In the foregoing methods, medicaments and uses, in one embodiment, 400 mg pembrolizumab or pembrolizumab variant is administered on Day 1 every six weeks and 800 mg Ab6 or Ab6 variant is administered on Day 1 every three weeks for intravenous infusion, and 8 mg of lenvatinib or a pharmaceutically acceptable salt thereof is orally administered daily. In one embodiment, 400 mg pembrolizumab or pembrolizumab variant is administered on Day 1 every six weeks and 800 mg Ab6 or Ab6 variant is administered on Day 1 every three weeks for intravenous infusion, and 10 mg of lenvatinib or a pharmaceutically acceptable salt thereof is orally administered daily. In another embodiment, 400 mg pembrolizumab or pembrolizumab variant is administered on Day 1 every six weeks and 800 mg Ab6 or Ab6 variant is administered on Day 1 every three weeks for intravenous infusion, and 12 mg of lenvatinib or a pharmaceutically acceptable salt thereof is orally administered daily. In one embodiment, 400 mg pembrolizumab or pembrolizumab variant is administered on Day 1 every six weeks and 800 mg Ab6 or Ab6 variant is administered on Day 1 every three weeks for intravenous infusion, and 14 mg of lenvatinib or a pharmaceutically acceptable salt thereof is orally administered daily. In one embodiment, 400 mg pembrolizumab or pembrolizumab variant is administered on Day 1 every six weeks and 800 mg Ab6 or Ab6 variant is administered on Day 1 every three weeks for intravenous infusion, and 20 mg of lenvatinib or a pharmaceutically acceptable salt thereof is orally administered daily.

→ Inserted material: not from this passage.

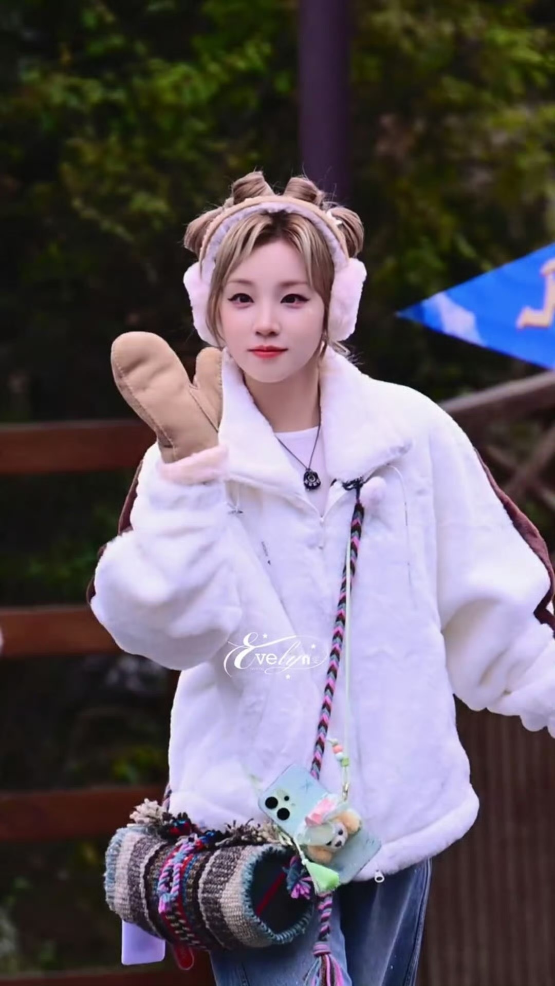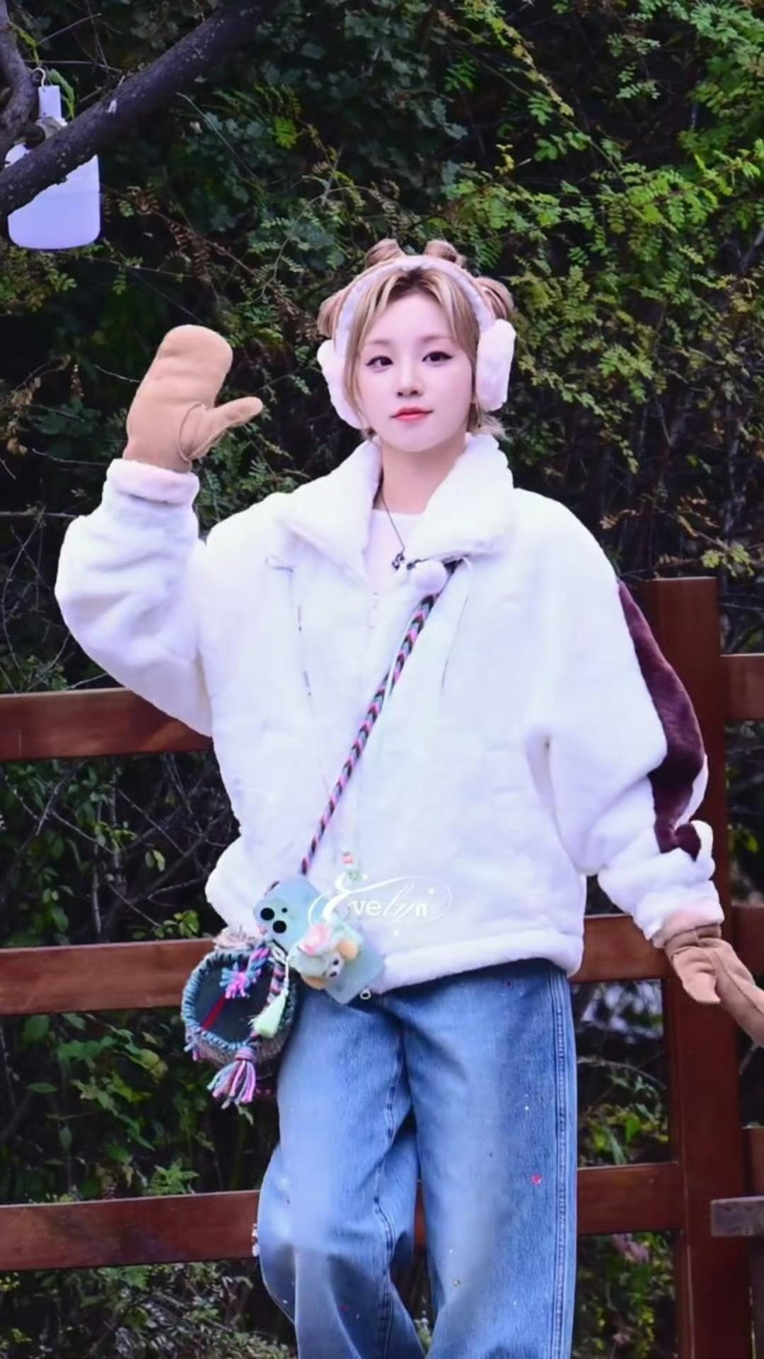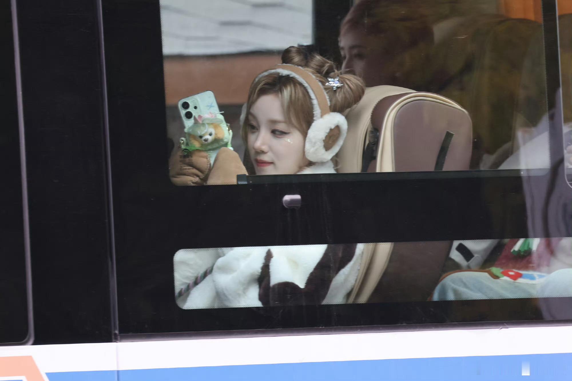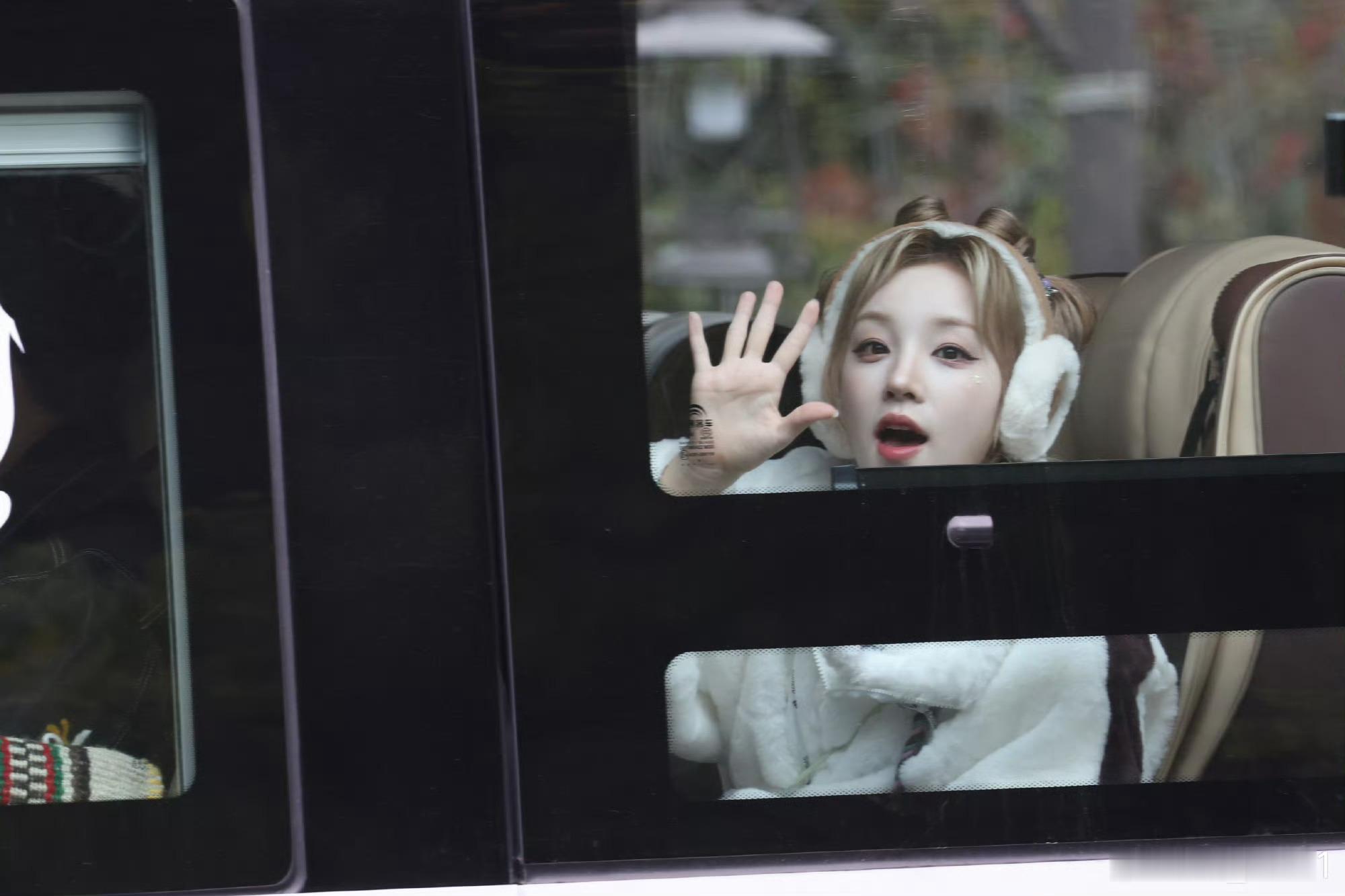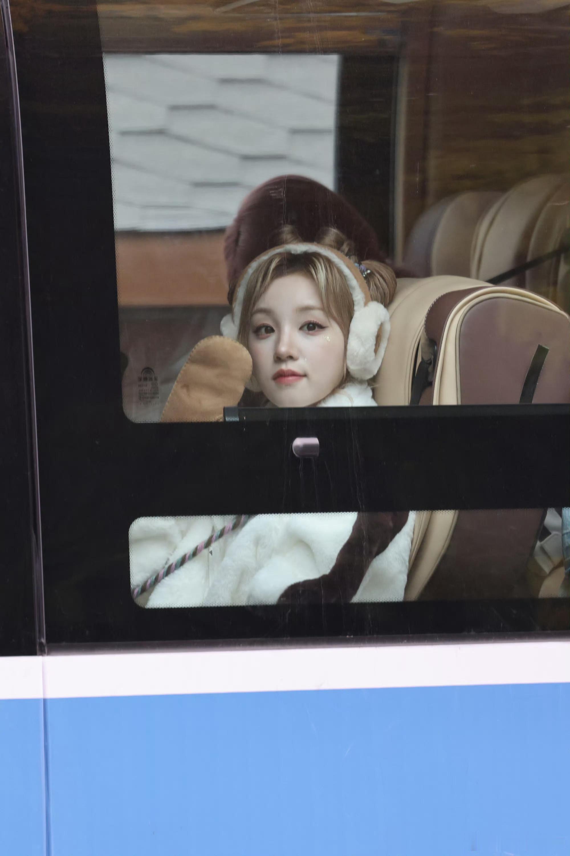宋雨琦双蝴蝶结造型宋雨琦奔跑吧西藏路透双蝴蝶结造型+耳套毛绒绒好可爱在车上也一

In the foregoing methods, medicaments and uses, in one embodiment, lenvatinib or a pharmaceutically acceptable salt thereof is administered at a daily dose of 8, 10, 12, 14, 18, 20, or 24 mg.
Pharmaceutically acceptable excipients of the present disclosure include for instance, solvents, bulking agents, buffering agents, tonicity adjusting agents, and preservatives (see, e.g., Pramanick et al., Pharma Times, 45:65-77, 2013). In some embodiments the pharmaceutical compositions may comprise an excipient that functions as one or more of a solvent, a bulking agent, a buffering agent, and a tonicity adjusting agent (e.g., sodium chloride in saline may serve as both an aqueous vehicle and a tonicity adjusting agent).

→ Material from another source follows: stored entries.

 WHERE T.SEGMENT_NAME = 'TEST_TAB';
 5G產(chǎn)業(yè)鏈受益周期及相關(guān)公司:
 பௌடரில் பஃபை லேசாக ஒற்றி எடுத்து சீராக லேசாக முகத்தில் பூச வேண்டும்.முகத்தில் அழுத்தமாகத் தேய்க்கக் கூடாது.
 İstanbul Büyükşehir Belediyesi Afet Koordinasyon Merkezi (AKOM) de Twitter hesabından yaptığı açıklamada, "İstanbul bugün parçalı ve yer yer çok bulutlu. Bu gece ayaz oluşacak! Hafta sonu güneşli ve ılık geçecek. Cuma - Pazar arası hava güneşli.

In some embodiments, the pharmaceutical compositions comprise an aqueous vehicle as a solvent. Suitable vehicles include for instance sterile water, saline solution, phosphate buffered saline, and Ringer's solution. In some embodiments, the composition is isotonic.

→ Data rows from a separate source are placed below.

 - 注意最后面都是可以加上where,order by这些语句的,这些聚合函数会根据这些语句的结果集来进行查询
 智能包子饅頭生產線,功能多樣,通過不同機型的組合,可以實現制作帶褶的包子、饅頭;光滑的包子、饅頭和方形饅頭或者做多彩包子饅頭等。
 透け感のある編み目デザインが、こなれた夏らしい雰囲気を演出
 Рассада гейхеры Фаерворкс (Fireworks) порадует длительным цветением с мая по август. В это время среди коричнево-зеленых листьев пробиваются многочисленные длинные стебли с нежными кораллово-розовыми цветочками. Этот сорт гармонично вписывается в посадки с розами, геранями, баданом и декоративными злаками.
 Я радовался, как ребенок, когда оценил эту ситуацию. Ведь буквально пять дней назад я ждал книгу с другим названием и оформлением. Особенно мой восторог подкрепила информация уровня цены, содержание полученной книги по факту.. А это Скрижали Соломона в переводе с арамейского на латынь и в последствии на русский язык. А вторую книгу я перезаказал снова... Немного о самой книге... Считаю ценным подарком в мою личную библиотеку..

The pharmaceutical compositions may comprise a bulking agent. Bulking agents are particularly useful when the pharmaceutical composition is to be lyophilized before administration. In some embodiments, the bulking agent is a protectant that aids in the stabilization and prevention of degradation of the active agents during freeze or spray drying and/or during storage. Suitable bulking agents are sugars (mono-, di- and polysaccharides) such as sucrose, lactose, trehalose, mannitol, sorbital, glucose and raffinose.
The pharmaceutical compositions may comprise a buffering agent. Buffering agents control pH to inhibit degradation of the active agent during processing, storage and optionally reconstitution. Suitable buffers include for instance salts comprising acetate, citrate, phosphate or sulfate. Other suitable buffers include for instance amino acids such as arginine, glycine, histidine, and lysine. The buffering agent may further comprise hydrochloric acid or sodium hydroxide. In some embodiments, the buffering agent maintains the pH of the composition within a range of 4 to 9. In some embodiments, the pH is greater than (lower limit) 4, 5, 6, 7 or 8. In some embodiments, the pH is less than (upper limit) 9, 8, 7, 6 or 5. That is, the pH is in the range of from about 4 to 9 in which the lower limit is less than the upper limit.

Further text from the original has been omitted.